Bajo luces tenues de una calle angosta, dos amantes se besan sin parar, con ansias, sin aire… en la misma calle, un taconeo torpe resuena al pasar a los pies de una chica colgada del brazo de un hombre que le toma la cintura como si del timón de un barco se tratara. Dos manzanas a la derecha dos chicas risueñas juegan a experimentarse corriendo de la mano, ávidas por las escaleras a oscuras de un edificio del cascó antiguo. Olor a perfume y a cigarrillos mezclados con el vapor veraniego que parece que a todos encendiera en un fuego interno del que nadie se escapa. Así es Barcelona, llena de pasión cada noche y de mañanas tardías con dolor de cabeza y aliento a jaggermaster.

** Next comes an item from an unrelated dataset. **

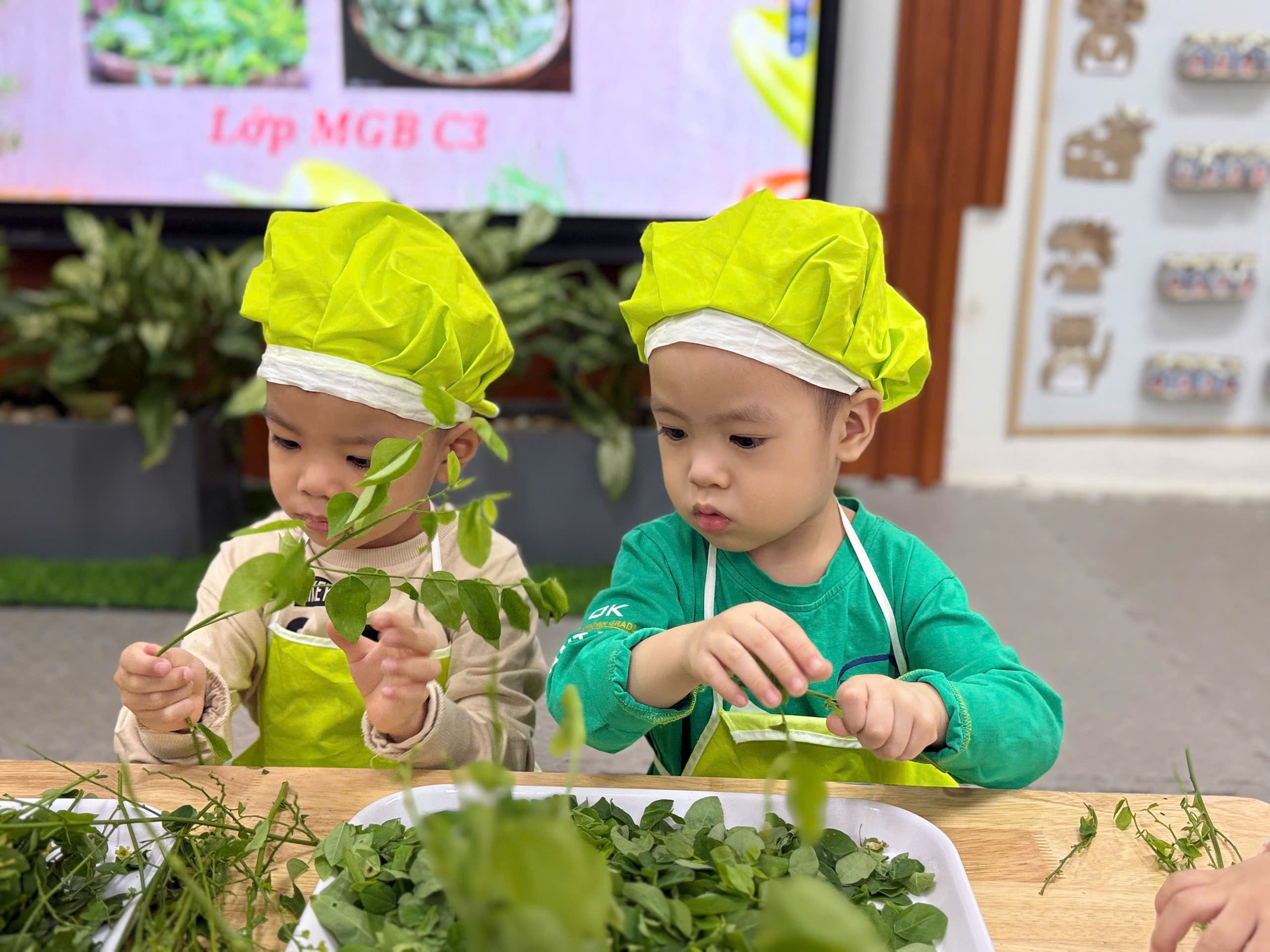 Nhìn những gương mặt rạng rỡ, đôi tay bé nhỏ thoăn thoắt tuốt từng lá rau, cô giáo và cha mẹ đều cảm thấy thật ấm lòng ❤️

En este maravilloso limbo de romanticismo todos nos saltamos los compromisos, las formalidades, actuamos por instinto como si fuera nuestra última noche, o la primera de todas, beben para envalentonarse, bailan hasta el cansancio o hasta que el acompañante ceda a dar el siguiente paso. Incluso los que dicen haber sentado cabeza se han conocido por ese juego de cíclopes en la oscuridad como lo llama Cortazar.
Cada lugar debería tener una palabra y Barcelona a mí me suena a frenesí, a ganas de no esperar, a ganas de apostarlo todo en la primera mano de cartas y al inexistente miedo a perder la apuesta, al juego constante de conocerse, de la excitante curiosidad eterna entre dos extraños y a lo apasionante de un primer beso… y ¿que no es eso lo que nos hace sentir vivos? Si el amor también pero aquí eso puede esperar, como Penelope en el andén y que si llega el tren sea por suerte, que nos encuentre él a nosotros cuando tan entretenidos estamos en encantos superfluos, como el baile de Salome que algún día reclamará también nuestra cabeza o nuestro corazón.